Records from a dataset
^^^^^^^^

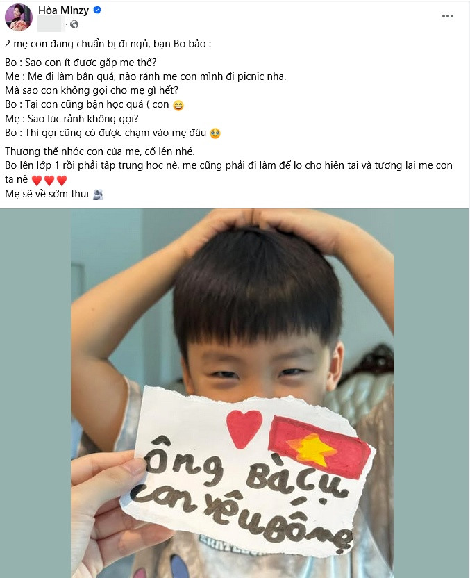 Mới đây, Hòa Minzy chia sẻ đoạn hội thoại với con trai trên trang cá nhân gây chú ý.
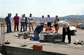 Sakarya'da Marmara depreminde az hasar gören 6 katlı boş binada yapay deprem üreten cihazla yaklaşık 5.5 şiddetinde deprem oluşturuldu. Projede betonarme binalar için depreme dayanıklı tasarım kurallarının uygulanabilirliği test edilecek.
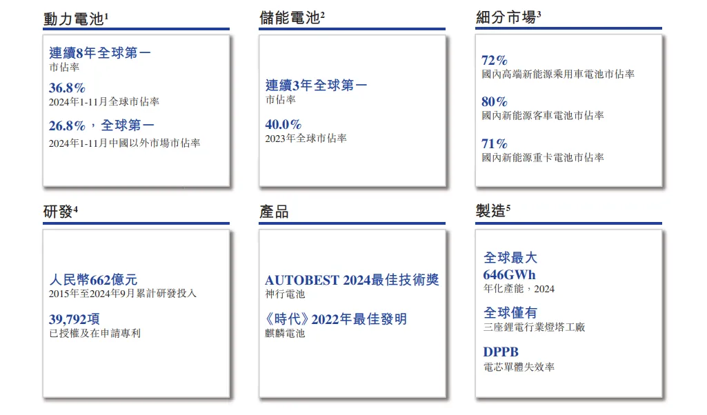 截至2024年9月30日止,寧德時代已在全球設立六大研發中心、十三大電池生產製造基地,服務網點遍佈64個國家和地區。
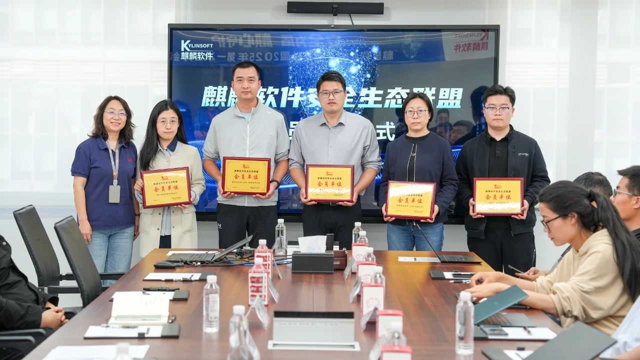 麒麟软件生态合作部总经理姚翎为新成员单位授牌
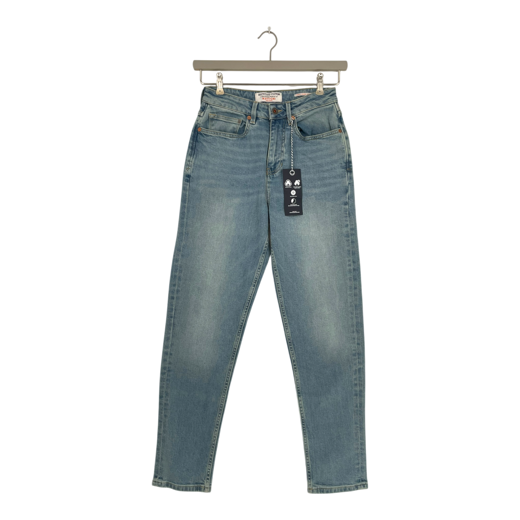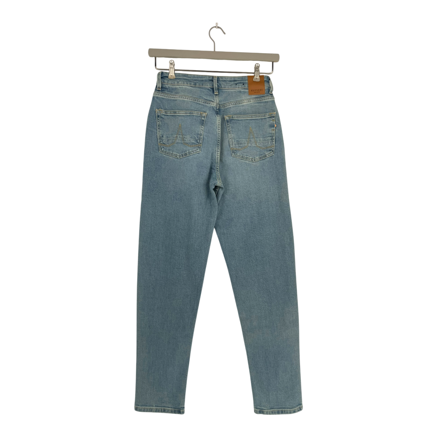 Kuyichi Nora Loose Tapered high-waisted straight-leg jeans in light blue wash. Classic five-pocket styling with button and zip closure.
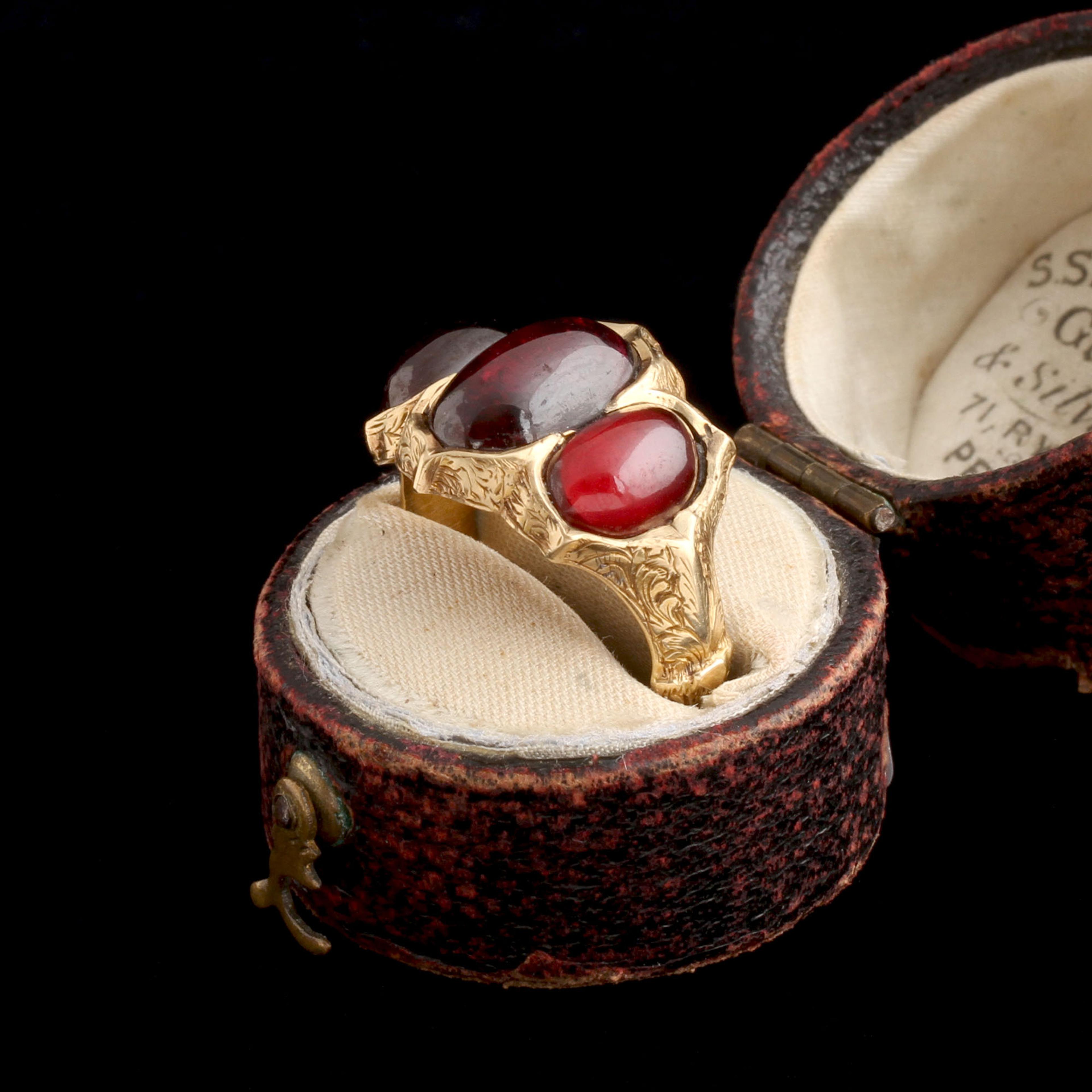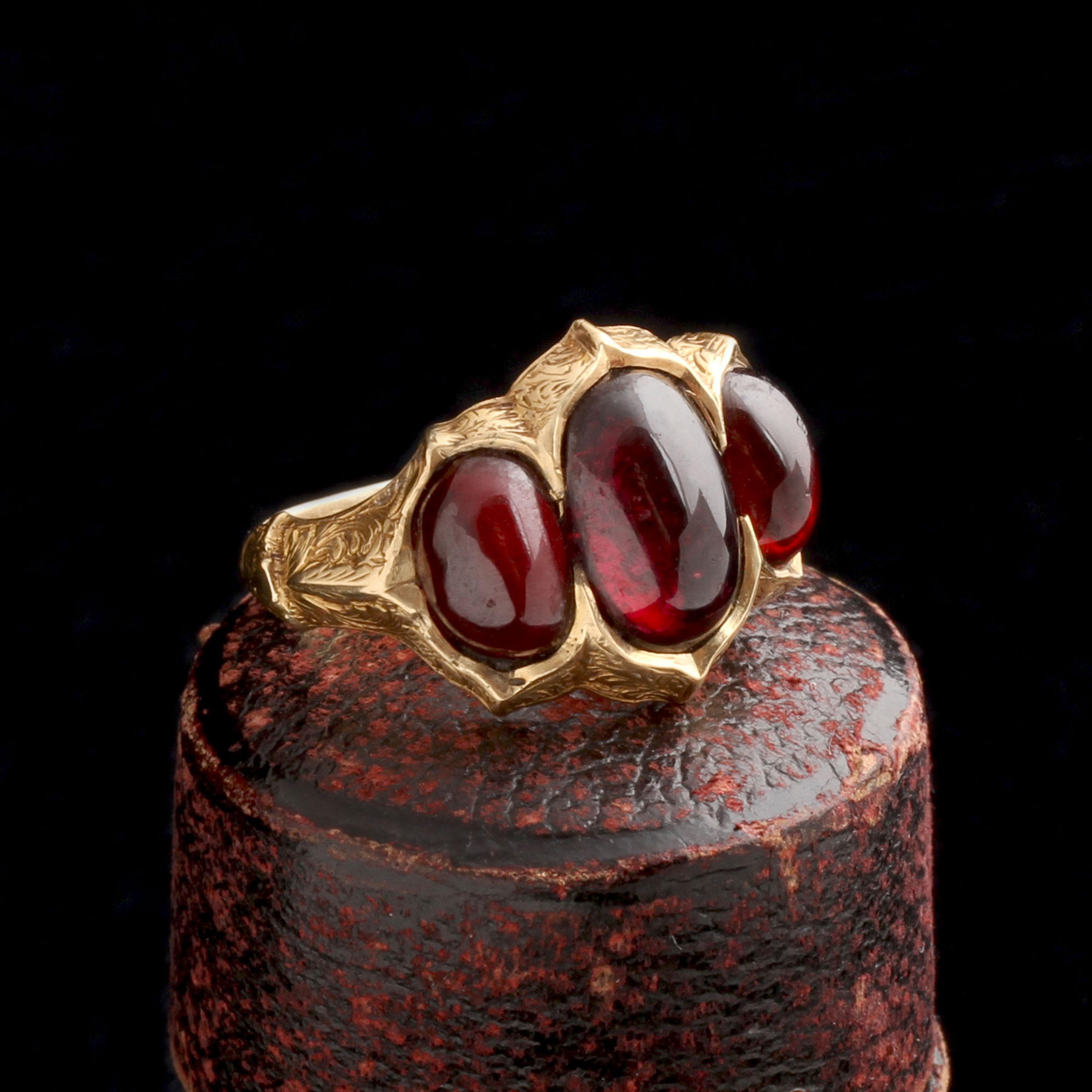OH MY GOTH! This ring is a classic expression of mid-19th-century Gothic Revival jewelry, a style that created emotional drama by borrowing medieval forms. The triple garnet head echoes reliquaries or tri-fold panels from the Middle Ages. The stones are left domed and closed-backed, emphasizing depth of color over brilliance. This was a hallmark of Gothic Revival design.

^^^^^^^^

Your task:
The stretch to restate runs from the line above containing "Sakarya'da Marmara depreminde" through the line containing "Kuyichi Nora Loose". Copy it word for word, ends included, without pictures.

Result:
 Sakarya'da Marmara depreminde az hasar gören 6 katlı boş binada yapay deprem üreten cihazla yaklaşık 5.5 şiddetinde deprem oluşturuldu. Projede betonarme binalar için depreme dayanıklı tasarım kurallarının uygulanabilirliği test edilecek.
 截至2024年9月30日止,寧德時代已在全球設立六大研發中心、十三大電池生產製造基地,服務網點遍佈64個國家和地區。
 麒麟软件生态合作部总经理姚翎为新成员单位授牌
 Kuyichi Nora Loose Tapered high-waisted straight-leg jeans in light blue wash. Classic five-pocket styling with button and zip closure.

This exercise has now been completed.